Şimdi savunma sanayii üzerinden bizi suçlamaya çalışıyorlar. Savunma sanayii, siyasi partiler ortasında bir hengame problemi değildir. Savunma sanayii, siyaset dışında, bir devletin savunma alanında güçlü olması için yatırımları yapmaktır. Bu bahiste birinci ve en değerli adımı atan, merhum Ecevit, gerisinden da Turgut Özal’dır. Zira Savunma Sanayii Fonu’nu kurarak bu alanda bir çığır açtı. Şöyle bir propaganda yapıyorlar; ‘Sakın onlara oy vermeyin. Gelince bunlar İHA’ları sökecekler, kaldıracaklar’. Hayır efendim, senden çok daha düzgününü yapacağız. Göreceksin sen. Sen, kalktın, Tank Palet Fabrikası’nı Katar ordusuna verdin. Onu da alacağız, ulu ordumuza vereceğiz; hiç kimse kaygı etmesin. Dünyada hastanesi olmayan tek ordu, Türk Silahlı Kuvvetleri’dir. Bütün askeri hastaneleri kapattılar, başta GATA olmak üzere. Bütün askeri hastaneleri açacağız ve ordumuza teslim edeceğiz.

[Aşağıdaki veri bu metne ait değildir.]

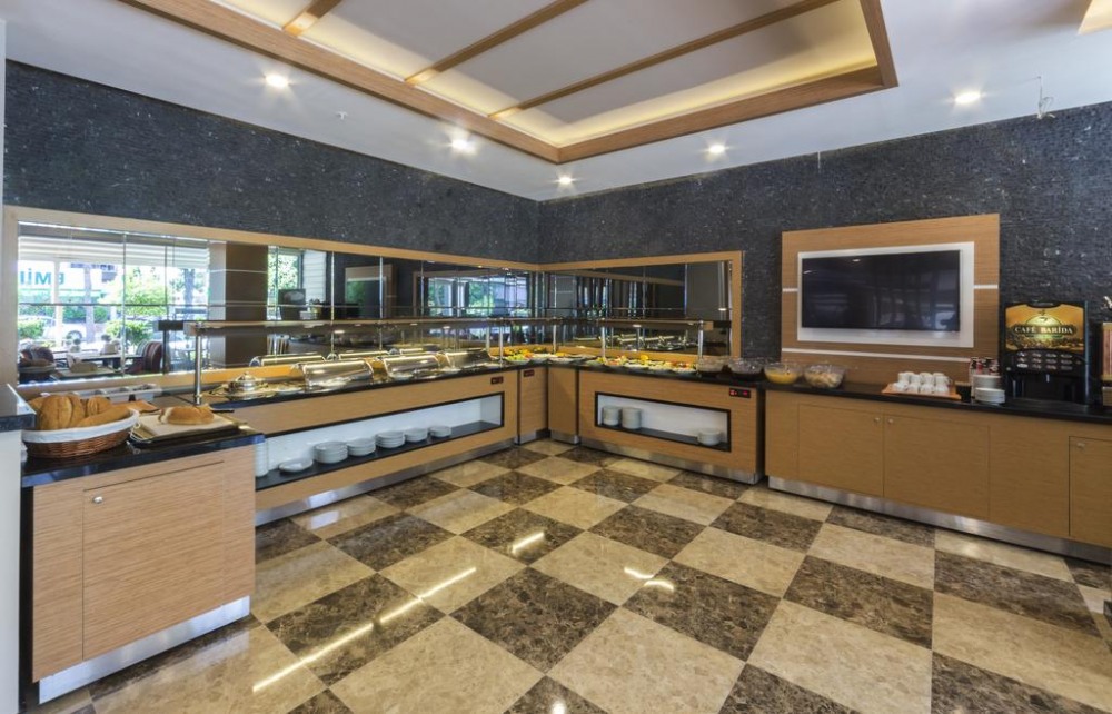 Основен ресторант, три бара, два открити басейна, два детски басейна, дартс и билярд, тенис на маса, безжичен интернет в лоби и в стаите. Плаж:чадъри и шезлонги на градския плаж на Алания срещу допълнително заплащане. Безплатно ползване на чадъри и шезлонги при басейна.

“SİZİN SEÇTİĞİNİZ CUMHURBAŞKANI, PUTİN’İN KAPISINDA DAKİKALARCA BEKLEMEYECEKTİR”

Sizin seçeceğiniz Cumhurbaşkanı, hiçbir güç karşısında diz çökmeyecektir. 34 askerimiz Suriye’de şehit edildiği vakit, Rus askerleri vurduğu vakit, sizin seçtiğiniz Cumhurbaşkanı, Putin’in kapısında dakikalarca beklemeyecektir. ‘Niçin öldürdünüz’ diye hesabını soracaktır. Sizin seçeceğiniz Cumhurbaşkanı, malvarlığı münasebetiyle hiçbir güç tarafından tehdit edilemeyecektir. Trump diyordu ya ‘Beni kızdırma, malvarlığını açıklarım’. Bizimkinde tık yok. Bay Kemal olsaydı ne sıkıntısı? ‘Açıklamazsanız namertsiniz’ sıkıntısı. O nedenle birileri, kalkıp da bize milliyetçilik dersi vermesin.

“SAĞ ELİN VERDİĞİNİ SOL EL GÖRMEMELİ. BAYAN EZİLMEMELİ TOPLUMDA”

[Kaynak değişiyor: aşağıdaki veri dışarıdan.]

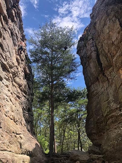 The view from my tent immediately upon waking.My climbing partner will not arrive until lunchtime, but a gregarious gentleman named John invites me to climb with his group. He might be the only person besides me in the crag who is older than 30. John is a professor, climbing with a group of undergraduates from his university. His ease with these young people, and their full-hearted acceptance of him, renews my hope for myself. It confirms that we are only ever as old as we feel. I melt right into the easy camaraderie of the group.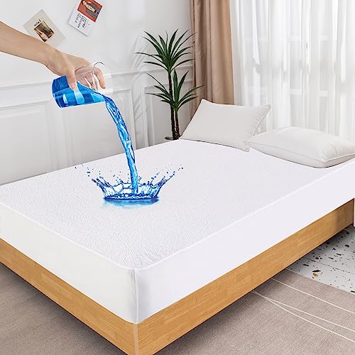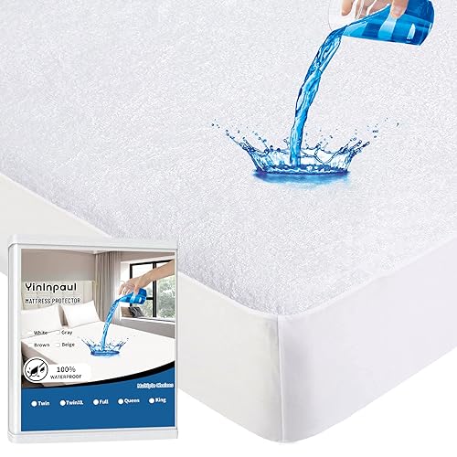 Home Bedroom Furniture Yinlnpaul Mattress Protector, Terry Cloth Mattress Protector Waterproof Backing, Noiseless Fitted Sheet Mattress Pad Cover,Full Size,Thick Padded

Fakir ailelerde acıyı en çok çeken bayandır. Şayet konutta yeteri kadar gelir yoksa, evladını okula gönderirken beslenme çantasına koyacak bir şey bulamıyorsa anne büyük dram yaşar. Münasebetiyle annenin bu dramını, ona yardım paketi göndererek çözmek değil, tam aksine ona bir bankada hesap açmak, Aile Dayanakları Sigortası’yla ona nizamlı bir gelir sağlamak… O da personel üzere, memur üzere gitmeli, aylığını çekmeli ve çoluk çocuğunun rızkını sağlamalı. Sağ elin verdiğini sol el görmemeli. Bayan ezilmemeli toplumda. Türkiye coğrafyasında okula giderken beslenme çantasına son. Gidecekler, okulda sularını, sütlerini, yemeklerini bütün akranlarıyla bir arada yiyecekler. Siz, ‘Okulda çocuğumuzun karnı doyuyor’ diyeceksiniz. Bizim belediye liderlerimizin bir kısmı bunu yapıyor aslında. Üzerinde belediyelerin ismi dahi yazmıyor. Karanlığın sonunda güneşi doğuracak olan sizlersiniz. Daima bir arada yapacağız. Bu ülkeye huzur gelecek.”